KV cacheCached key-value attention tensors for previously processed tokens; enables efficient autoregressive decoding without recomputation.
LoRA (Low-Rank Adaptation)Parameter-efficient fine-tuning: learns low-rank updates added to frozen weight matrices; far fewer trainable parameters. See Fine-tuning.
prompt engineeringDesigning input text to elicit desired LLM behaviour; includes chain-of-thought, few-shot examples, and system prompts. See Prompt Engineering.
quantisationReducing model weight precision (FP32 → INT8/INT4) to decrease memory footprint and increase inference throughput with minimal accuracy loss. See Inference Optimisation.
RAG (retrieval-augmented generation)Combines a retrieval system (vector search over a knowledge base) with an LLM; grounds responses in retrieved context. See RAG and Agents.

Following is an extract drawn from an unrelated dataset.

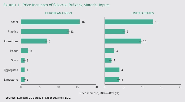 Input costs spiked in 2017. From 2012 through 2016, prices of major inputs for building materials in Europe and the US either declined from year to year, on average, or saw only slight increases. That dynamic changed suddenly in 2017, when European prices for raw materials spiked: steel by 16%, plastics by 13%, and aluminum by 7%. The US market experienced similar price spikes. (See Exhibit 1.) These increases put the margins of building materials producers under considerable pressure.

rerankerA cross-encoder model that scores query–document pairs for relevance; used after initial retrieval to improve precision before LLM generation.
system promptInstruction prepended to a conversation that shapes LLM behaviour, persona, and constraints; not visible to end-users in production.

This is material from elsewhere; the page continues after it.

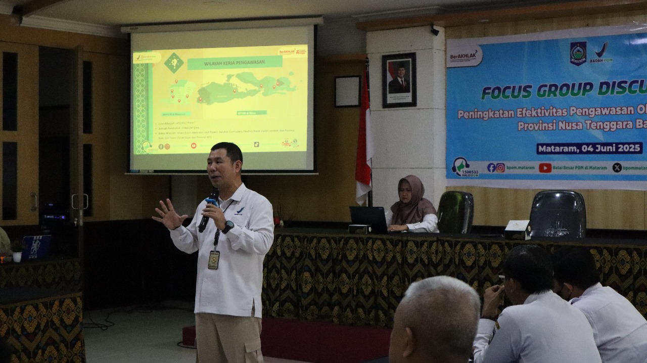 Lombokfile.com -Guna mendukung peran aktif Kementerian (Lembaga dan Pemda Provinsi / Kabupaten / Kota) telah diterbitkan Inpres No 1 Tahun 2017 Tentang Peningkatan Efektifitas Pengawasan Obat dan Makanan dan Permendagri No 41 Tahun 2018 Peningkatan Koordinasi Pembinaan dan Pengawasan Obat dan Makanan di Daerah. Salah satu poin pentingnya adalah pembentukan Tim Koordinasi Pembinaan dan Pengawasan Obat dan Makanan di Daerah atau TKPPOM. Dalam rangka monev efektivitas TKPPOM Tingkat Provinsi, pada tanggal 4 Juni 2025 BBPOM di Mataram menyelenggarakan Focus Group Disscusion (FGD) Peningkatan Efektivitas Pengawasan Obat dan Makanan. Kegiatan dihadiri oleh Asisten 1 Setda Provinsi NTB Bidang Pemerintahan dan Kesra Fathurrahman dan OPD tingkat Provinsi, antara lain: Dinas Kesehatan, Dinas Perindustrian, Dinas Perdagangan, Dinas Pertanian, Dinas Koperasi dan UMKM, Bappeda, Diskominfotik, Diskanlut, Kanwil Kemenag, dan lain-lain.

temperatureSampling parameter scaling logits before softmax; higher → more random outputs; temperature = 0 → greedy (deterministic) decoding.
tokenBasic unit of text processed by an LLM; typically ~0.75 words for English; models have a fixed context window measured in tokens.
tool use / function callingLLM capability to invoke external tools (APIs, code interpreters, databases) by outputting structured JSON; enables agentic behaviour.
vLLMHigh-throughput LLM inference library using PagedAttention for efficient KV cache management; enables continuous batching. See Inference Optimisation.